Raising the money and doing almost all the work to renovate a decrepit house into a comfy, cozy café and shop. I admire their determination and willingness to try something new despite having little experience of such things.
It’s a Vietnamese trait I see often, the enthusiasm and energy to start something even if they are inexperienced. It’s a far cry from the generation X boredom and lethargy I’ve witnessed in Australia.
It’s still very much a man’s world in Vietnam yet the raise of feminine success in business, government and many professions is slowly becoming more noticeable. They say this will be the ‘Asian’ century and women are driving it as much as men. Indian female scientists featured heavily in the success of their country’s first Mars satellite. Pakistan’s child education activist Malala Yousafzai, just 17 years old, has just won the Nobel Peace Prize. So what of Vietnam’s women? Well, for starters, Vietnam’s women football team is rated as just about the best in Asia! The Vietnam’s Women Union honored the efforts of 10 individuals in promoting the quality of life of Vietnamese women in a ceremony last week. Vietnam’s female authors are becoming best-sellers and on the rise in popularity, with authors such as young Phan Y Yen having just released her sixth book, Em La De Yeu (You Are for Love).
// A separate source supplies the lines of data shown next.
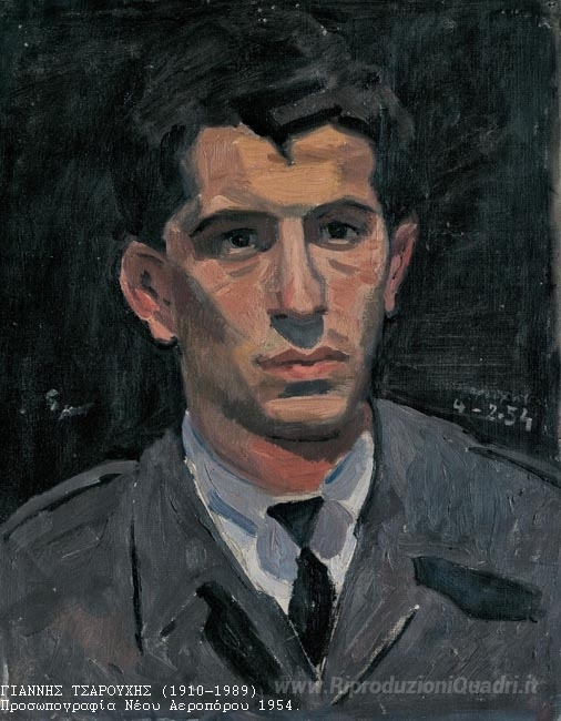 Ti offriamo una riproduzione artigianale su tela dell'opera famosa 'Ritratto di un giovane aviatore' di Yiannis Tsaroychis, dal Museo delle Riproduzioni.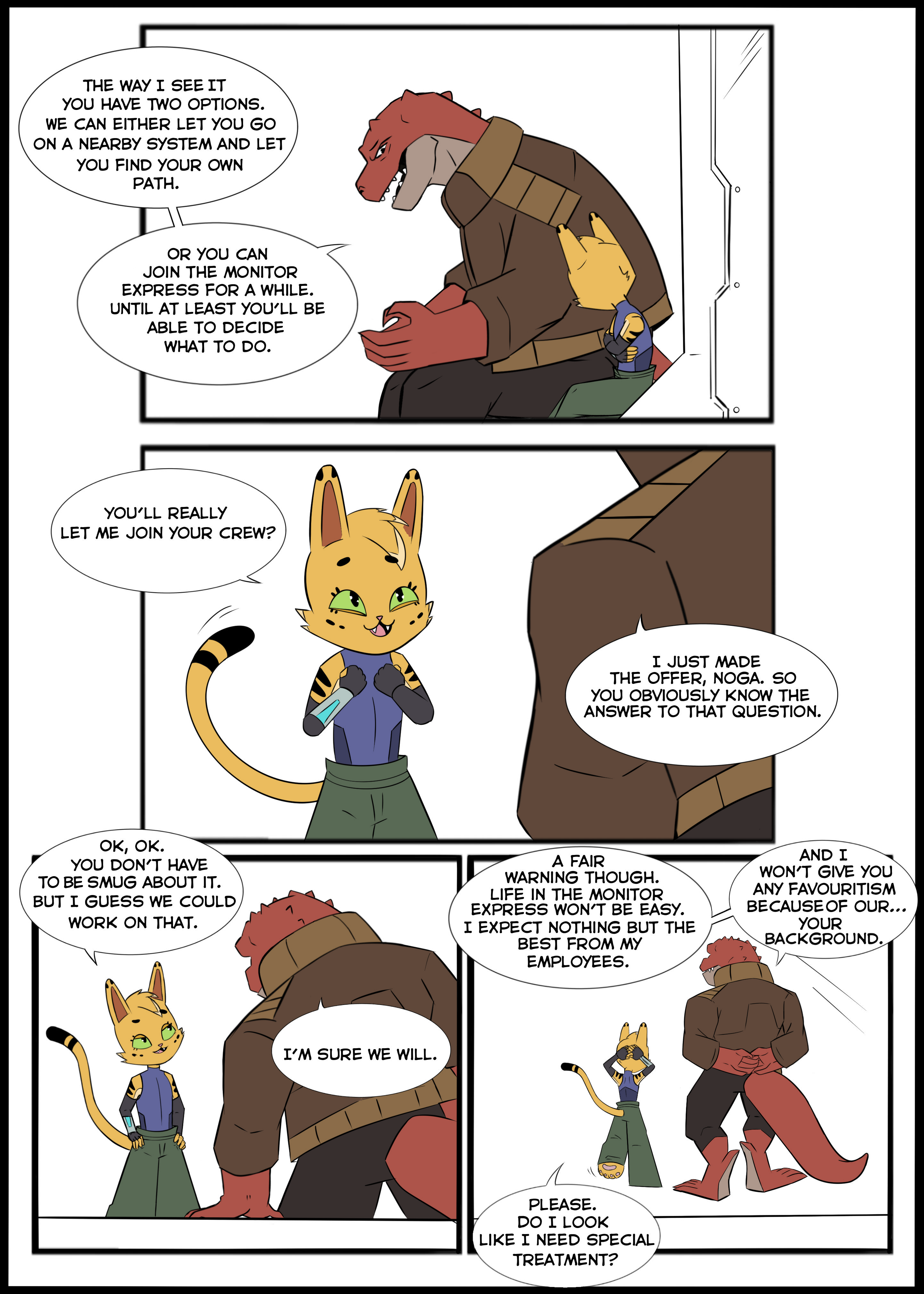 Through the comic plot, Noga continues to grow and learn how to survive in a harsh and dangerous universe, relying on her new unlikely family and discovering her true capabilities.
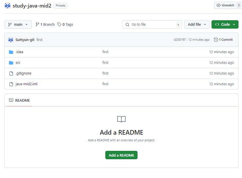 6. GitHub에 들어가면 코드가 올라온 것을 볼 수 있습니다.

Cyclist Nguyen Thi That and long jumper Bui Thi Thu Thao both won silver medals at the Asian Games in South Korea recently. Business leaders such as Vingroup JSC’s Le Thi Thu Thuy, Vinamilk’s Mai Kieu Lien, and VNDirect Securities Corp’s Pham Minh Huong are not only leading the way but showing the value of bringing the different perspectives of women into the business world.
Then there’s Associate Professor Nguyen Thi Hoe, 68, who developed new ways of using rice husks for paint and continued to encourage young people to take an interest in science. Earlier this month, Tuoi Tre (Youth) newspaper gave a scholarship to a young lass, Pham To Trinh, for her innovation in creating low-cost English classes at Tan Tao University in the southern province of Long An.
Travelling around the country, it’s interesting to see how women are visibly involved in work, be it running a sidewalk café, a shop or a company. Certainly the traditional skills of running the household budget, managing a family and coping with husbands have come in handy! Have you ever noticed how it’s always the women who count the money and write the accounts? I’ve never seen a man do it here at all.
Add to all of this the charm, grace, good humor and sheer niceness of Vietnamese women and you have an unbeatable combination. Not to mention their bravery and feistiness!
So we men have to salute your achievements and your support of us, no matter how silly we become sometimes. Where would we be without you, women?
So women! Today, the 20th of October, start a small revolution… and insist on breakfast in bed! …and flowers as well.